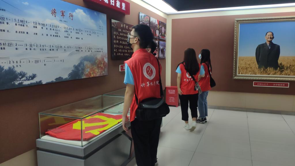 7月29日上午,志愿者们辗转来到汤家汇红色小镇,革命旧址内一张张珍贵的历史图片、一件件厚重的历史文物仿佛都在向志愿者们诉说着革命先烈的英勇事迹,带领大家走入那个血雨腥风的时代,体会革命先烈不怕困难、不怕牺牲、英勇不屈的伟大爱国情怀。“我志愿加入中国共产党,拥护党的纲领... ...”,面对鲜艳的党旗,师生们在党史教育基地庄严宣誓,每名志愿者都感受到了作为青年大学生自己身上的时代责任和历史使命。最后,志愿者们通过合唱《八月桂花遍地开》感受当年红军的革命精神,追忆红军战士。
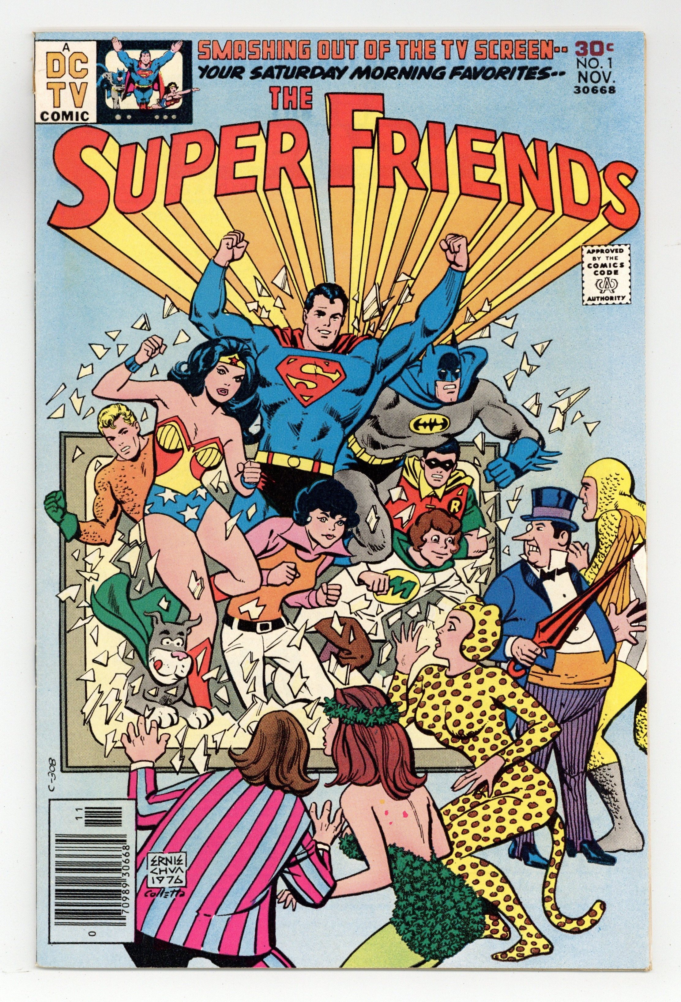 $21.50"The Fury of the Super Foes." Aquaman, Batman, Robin, Superman and Wonder Woman attempt to prevent Penguin, Poison Ivy, Cheetah, and others from stealing the components of a super robot. The Super Friends, which are essentially a watered down version of the Justice League, appeared in the Saturday morning animated series of the same name. Script by E. Nelson Bridwell, pencils by Ric Estrada and Joe Orlando, inks by Vince Colletta. Cover by Ernie Chua. Cover price $0.30.
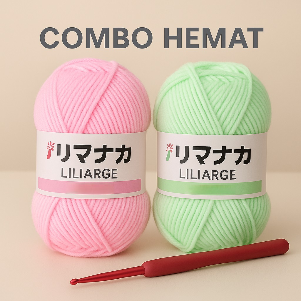 MADEBYBULAT - PAKET COMBO HEMAT 3IN1 BENANG RAJUT STARTER KIT CROCHET MILK COTTON 4PLY + HAKPEN
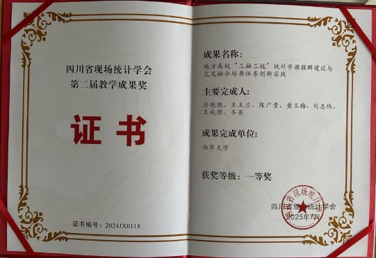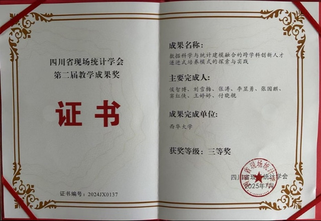 2025年7月4日至6日,由中国现场统计研究会资源与环境统计分会、四川省现场统计学会联合主办,西南交通大学数学学院承办的“2025统计与数据科学创新发展研讨会”在成都召开。伟德国际1946数学学科教师团队应邀参会,并在会议首日斩获三项省级教学成果奖:徐艳艳老师团队获四川省现场统计学会教学成果一等奖、晏力老师团队获教学成果二等奖、侯智博老师团队获教学成果三等奖。这一成就不仅彰显了学院的教学水平,还为后续人才培养注入动力。

• Your objective: Counting the line with "Cover price $0.30." and the last line of the data above, transcribe those two lines and every line between them exactly, without the pictures.

• Written response:
 $21.50"The Fury of the Super Foes." Aquaman, Batman, Robin, Superman and Wonder Woman attempt to prevent Penguin, Poison Ivy, Cheetah, and others from stealing the components of a super robot. The Super Friends, which are essentially a watered down version of the Justice League, appeared in the Saturday morning animated series of the same name. Script by E. Nelson Bridwell, pencils by Ric Estrada and Joe Orlando, inks by Vince Colletta. Cover by Ernie Chua. Cover price $0.30.
 MADEBYBULAT - PAKET COMBO HEMAT 3IN1 BENANG RAJUT STARTER KIT CROCHET MILK COTTON 4PLY + HAKPEN
 2025年7月4日至6日,由中国现场统计研究会资源与环境统计分会、四川省现场统计学会联合主办,西南交通大学数学学院承办的“2025统计与数据科学创新发展研讨会”在成都召开。伟德国际1946数学学科教师团队应邀参会,并在会议首日斩获三项省级教学成果奖:徐艳艳老师团队获四川省现场统计学会教学成果一等奖、晏力老师团队获教学成果二等奖、侯智博老师团队获教学成果三等奖。这一成就不仅彰显了学院的教学水平,还为后续人才培养注入动力。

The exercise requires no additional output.